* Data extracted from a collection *
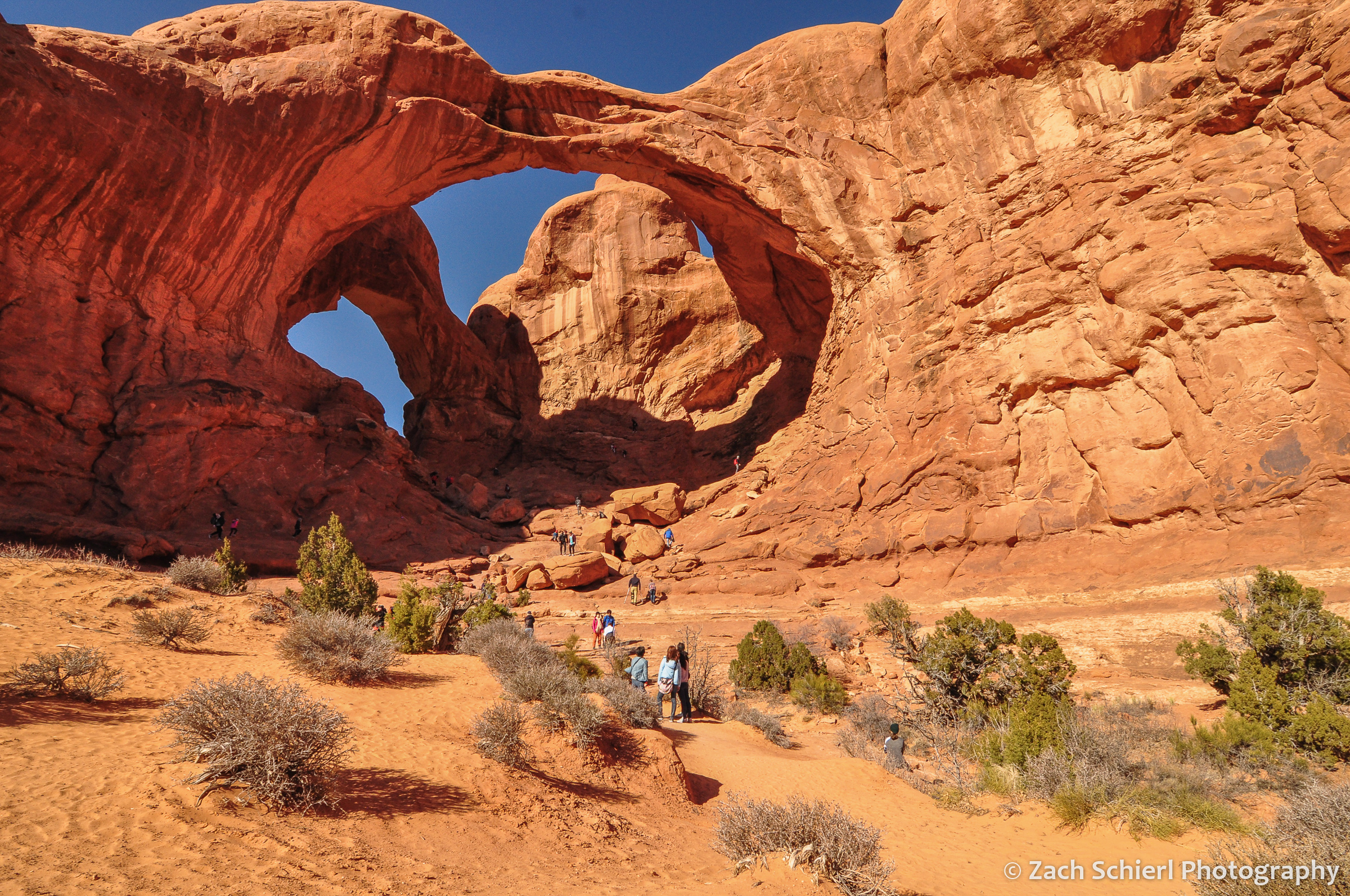 A line of hikers crawl up to Double Arch in the Windows section of Arches National Park, Utah
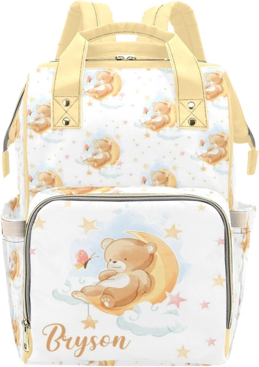 This Personalized Name Diaper Bag offers plenty of storage to fit all of your mom or dad essentials for your baby girl or boy!Material: Made from waterproof nylon.Size: Measures approximately 10.83"(L) x 6.69"(W) x 15"(H) x 3.1"Parts structure: One main capacity pocket, 2 side pockets, 1 front zipper pocket, multi-pocket design, side zipper, easy to take away, spacious and separate bottle design area, easy to use.Multi Color & Design:Cute elements, so you can have one more decoration to decorate your holiday.Multifunction:A mesh pocket featured. Padded back and adjustable shoulder straps for ultra comfort and stability. Multi function backpaks are suitable for many occasions. Zipper closure allows it easy to open and close.Suitable Different Occasions:The custom diaper bag for baby boy girl is fit for many occasions, such as travel, shopping, hiking, camping, work, going out etc.Perfect Gift:You can send the custom diaper bag to your friends who is a new mom, dad. Or send it to your sister, brother, husband, wife, colleague. As a festival holiday gift present on mother's day, father's day, birthday etc.Start Your Customization:1. Choose The Style You Need;2. Click The "Customize Now" Button;3. Upload Any Name
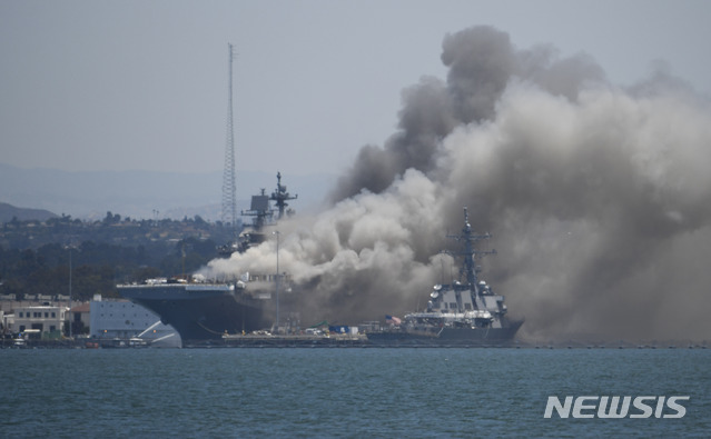 [샌디에이고=AP/뉴시스]12일(현지시간) 미 캘리포니아주 샌디에이고 해군기지에 정박 중이던 미해군 전함(USS) 본험 리처드 호가 폭발에 이은 화재로 연기에 싸여 있다. 이 사고로 18명이 다쳐 병원으로 후송됐으며 당시 함정에는 160여 명이 승선하고 있던 것으로 알려졌다. 2020.07.13.
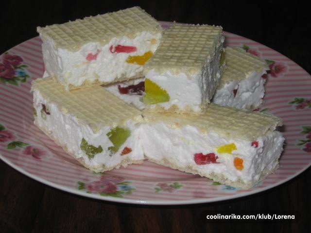 U posudu stavite mlijeko u prahu,dodajte vruc skuhan sirup muteci mikserom. Dobro umutite, prohladite, dodajte ssjeckane zele bombone.
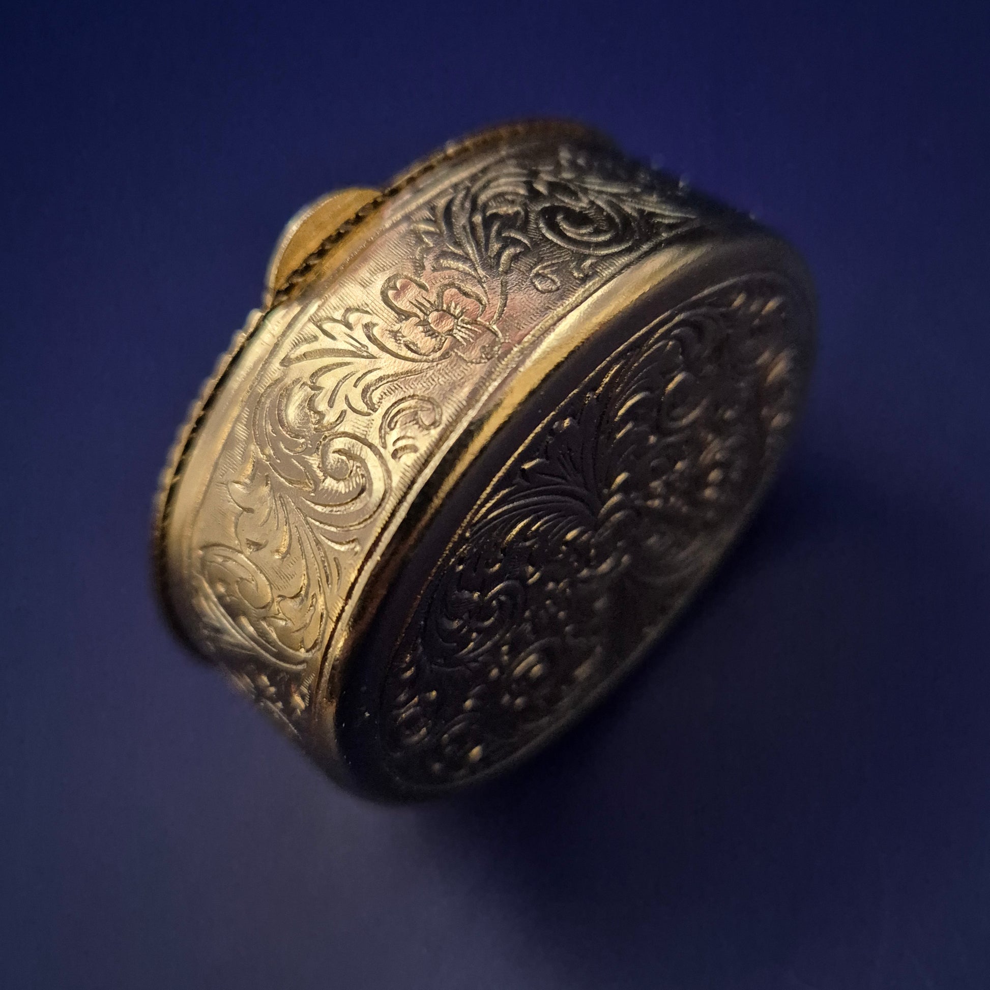 Diese elegante, ovale Pillendose im Vintage-Stil vereint romantische Rokoko-Malerei mit kunstvollen Gravuren. Der Deckel ist mit einer charmanten Szene aus dem 18. Jahrhundert verziert, während die Rückseite und Seitenflächen ein aufwendig geprägtes florales Muster zeigen. Die Dose eignet sich ideal als dekoratives Sammlerstück oder als originelles Geschenk.
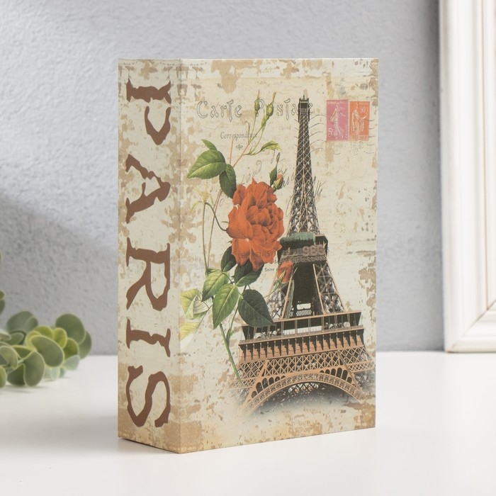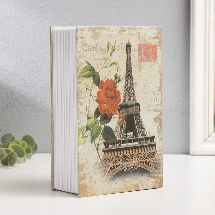 Шкатулка книга пластик, металл "Эйфелева башня и красный пион" 5,5х12х18 см
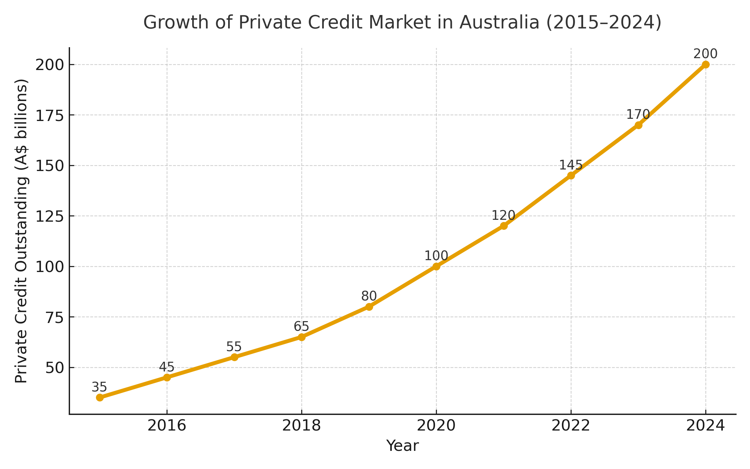 The size of Australia’s private credit market has grown from approximately A$35 billion in 2015 to around A$200 billion in 2024.
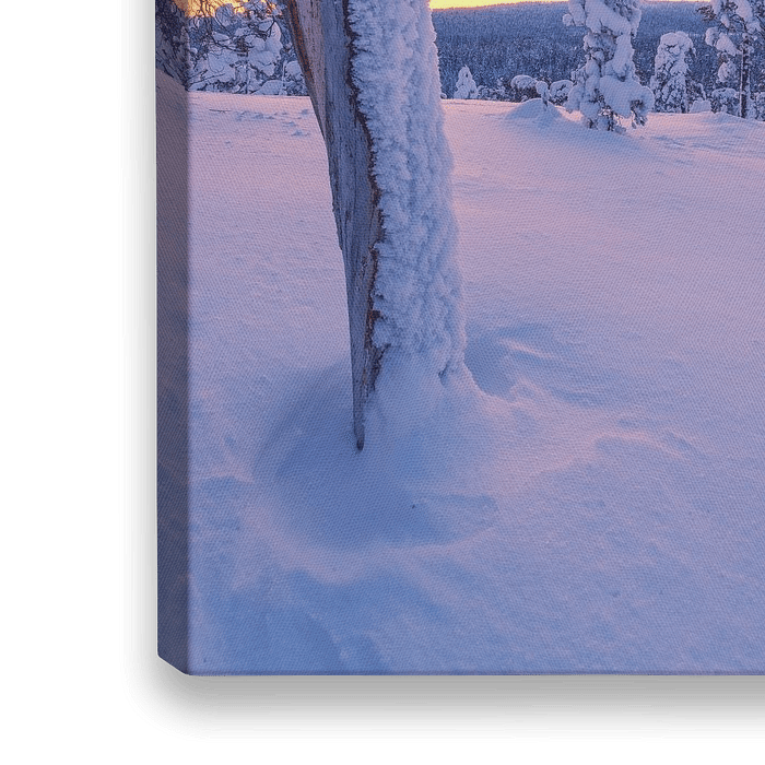 Unberührte Schneelandschaft in pastellfarbenem Licht auf den Hügeln von Luosto, finnisch Lappland
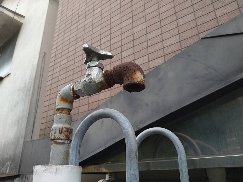 共用部に設置された屋外蛇口および配管部分には、サビの発生が広範囲に進行しており、特に蛇口先端や継ぎ手部分に赤サビが目立つ状態でした。
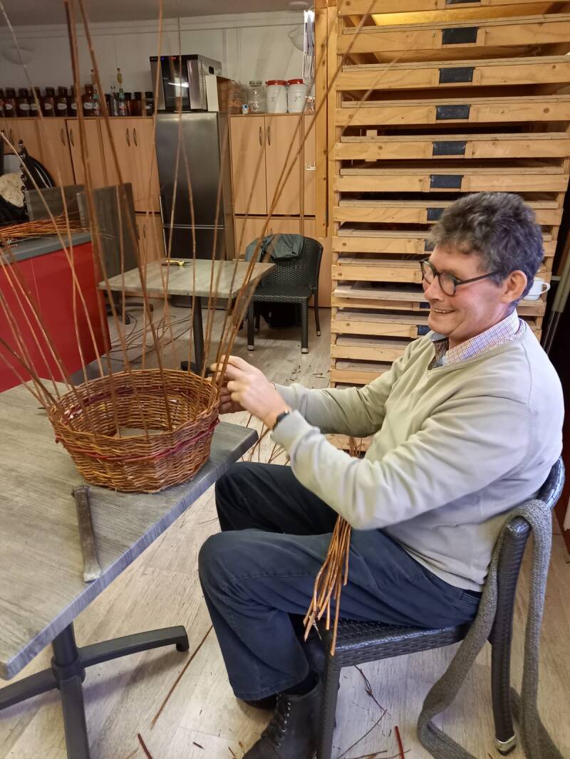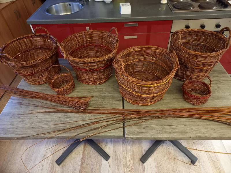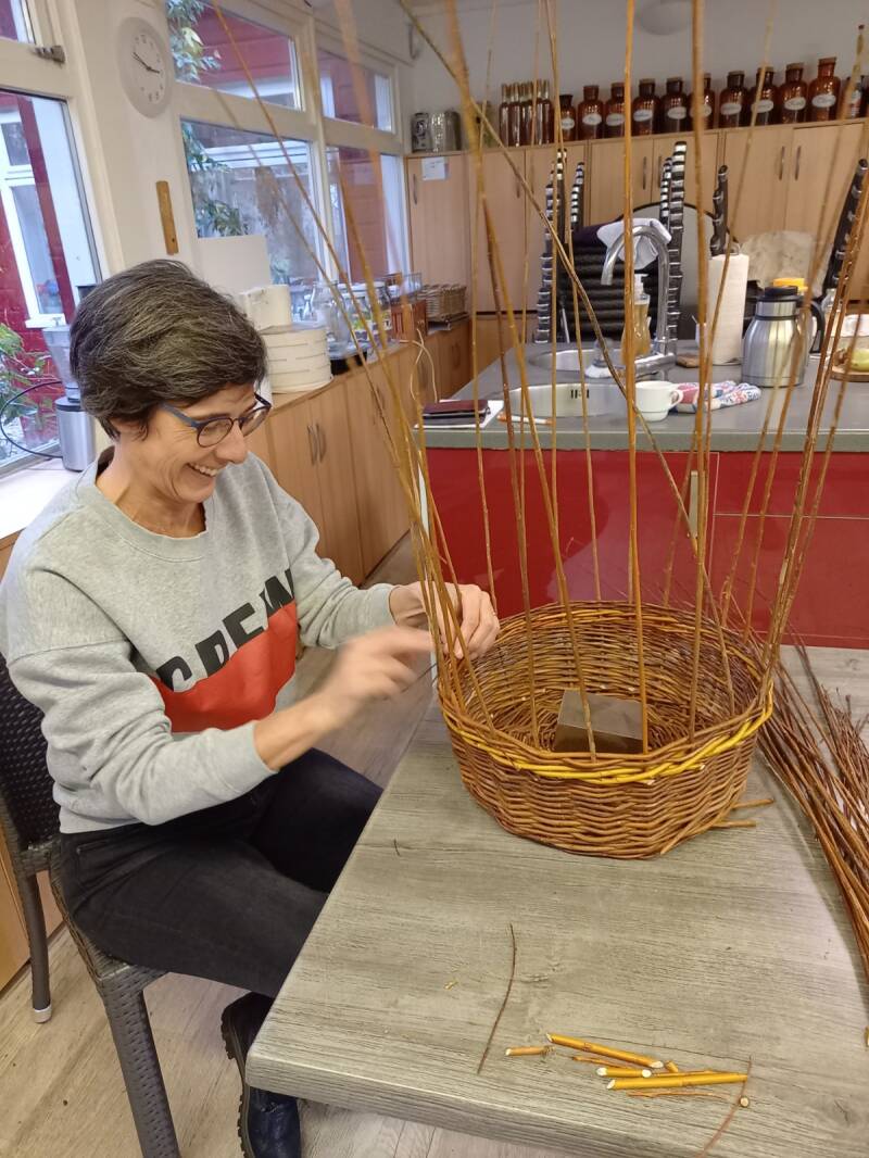 Zij wilden graag het aloude ambacht "Manden vlechten" leren Na een introductie door Jac de Cock werd de bodem gevlochten De weken erna werden de staken opgezet, Franse neer gevlochten kimmen gelegd en de Hollandse Neer gevlochten De bodem werd extra versterkt en de oren (handgrepen) aangebracht Twee dames hebben creatief gevlochten, een vlinder, mandje, hartje etc Met veel plezier en de nodige kennis ging men heel tevreden huiswaarts
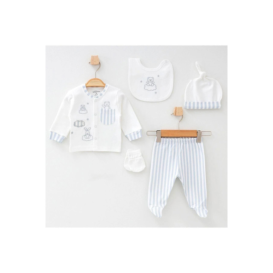 Търсите първите дрешки за вашето новородено? Комплектът за изписване от 5 части – Мечо и зайо е практично и стилно решение, което осигурява мекота, комфорт и защита още от първия ден. Изработен от 100% висококачествен памук, този комплект е подходящ за чувствителната бебешка кожа.
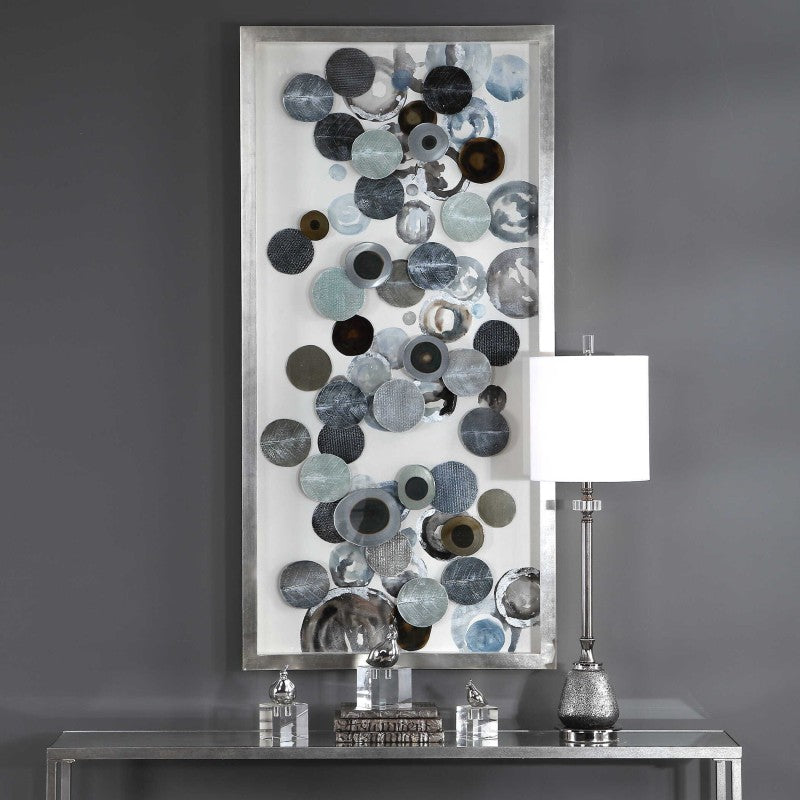 Abstract In Design, This Art Features Overlapping, Blow Torched Iron Discs With Hand Painted Acrylic Accents In Tones Of Silver, Brown, Blue, And Green. The Art Is Under Glass And Is Encased By A Lightly Antiqued Silver Leaf Shadow Box. May Be Hung Horizontal Or Vertical.

* Exercise prompt *
Output every entry verbatim but skip the pictures.

* Response for this exercise *
 A line of hikers crawl up to Double Arch in the Windows section of Arches National Park, Utah
 This Personalized Name Diaper Bag offers plenty of storage to fit all of your mom or dad essentials for your baby girl or boy!Material: Made from waterproof nylon.Size: Measures approximately 10.83"(L) x 6.69"(W) x 15"(H) x 3.1"Parts structure: One main capacity pocket, 2 side pockets, 1 front zipper pocket, multi-pocket design, side zipper, easy to take away, spacious and separate bottle design area, easy to use.Multi Color & Design:Cute elements, so you can have one more decoration to decorate your holiday.Multifunction:A mesh pocket featured. Padded back and adjustable shoulder straps for ultra comfort and stability. Multi function backpaks are suitable for many occasions. Zipper closure allows it easy to open and close.Suitable Different Occasions:The custom diaper bag for baby boy girl is fit for many occasions, such as travel, shopping, hiking, camping, work, going out etc.Perfect Gift:You can send the custom diaper bag to your friends who is a new mom, dad. Or send it to your sister, brother, husband, wife, colleague. As a festival holiday gift present on mother's day, father's day, birthday etc.Start Your Customization:1. Choose The Style You Need;2. Click The "Customize Now" Button;3. Upload Any Name
 [샌디에이고=AP/뉴시스]12일(현지시간) 미 캘리포니아주 샌디에이고 해군기지에 정박 중이던 미해군 전함(USS) 본험 리처드 호가 폭발에 이은 화재로 연기에 싸여 있다. 이 사고로 18명이 다쳐 병원으로 후송됐으며 당시 함정에는 160여 명이 승선하고 있던 것으로 알려졌다. 2020.07.13.
 U posudu stavite mlijeko u prahu,dodajte vruc skuhan sirup muteci mikserom. Dobro umutite, prohladite, dodajte ssjeckane zele bombone.
 Diese elegante, ovale Pillendose im Vintage-Stil vereint romantische Rokoko-Malerei mit kunstvollen Gravuren. Der Deckel ist mit einer charmanten Szene aus dem 18. Jahrhundert verziert, während die Rückseite und Seitenflächen ein aufwendig geprägtes florales Muster zeigen. Die Dose eignet sich ideal als dekoratives Sammlerstück oder als originelles Geschenk.
 Шкатулка книга пластик, металл "Эйфелева башня и красный пион" 5,5х12х18 см
 The size of Australia’s private credit market has grown from approximately A$35 billion in 2015 to around A$200 billion in 2024.
 Unberührte Schneelandschaft in pastellfarbenem Licht auf den Hügeln von Luosto, finnisch Lappland
 共用部に設置された屋外蛇口および配管部分には、サビの発生が広範囲に進行しており、特に蛇口先端や継ぎ手部分に赤サビが目立つ状態でした。
 Zij wilden graag het aloude ambacht "Manden vlechten" leren Na een introductie door Jac de Cock werd de bodem gevlochten De weken erna werden de staken opgezet, Franse neer gevlochten kimmen gelegd en de Hollandse Neer gevlochten De bodem werd extra versterkt en de oren (handgrepen) aangebracht Twee dames hebben creatief gevlochten, een vlinder, mandje, hartje etc Met veel plezier en de nodige kennis ging men heel tevreden huiswaarts
 Търсите първите дрешки за вашето новородено? Комплектът за изписване от 5 части – Мечо и зайо е практично и стилно решение, което осигурява мекота, комфорт и защита още от първия ден. Изработен от 100% висококачествен памук, този комплект е подходящ за чувствителната бебешка кожа.
 Abstract In Design, This Art Features Overlapping, Blow Torched Iron Discs With Hand Painted Acrylic Accents In Tones Of Silver, Brown, Blue, And Green. The Art Is Under Glass And Is Encased By A Lightly Antiqued Silver Leaf Shadow Box. May Be Hung Horizontal Or Vertical.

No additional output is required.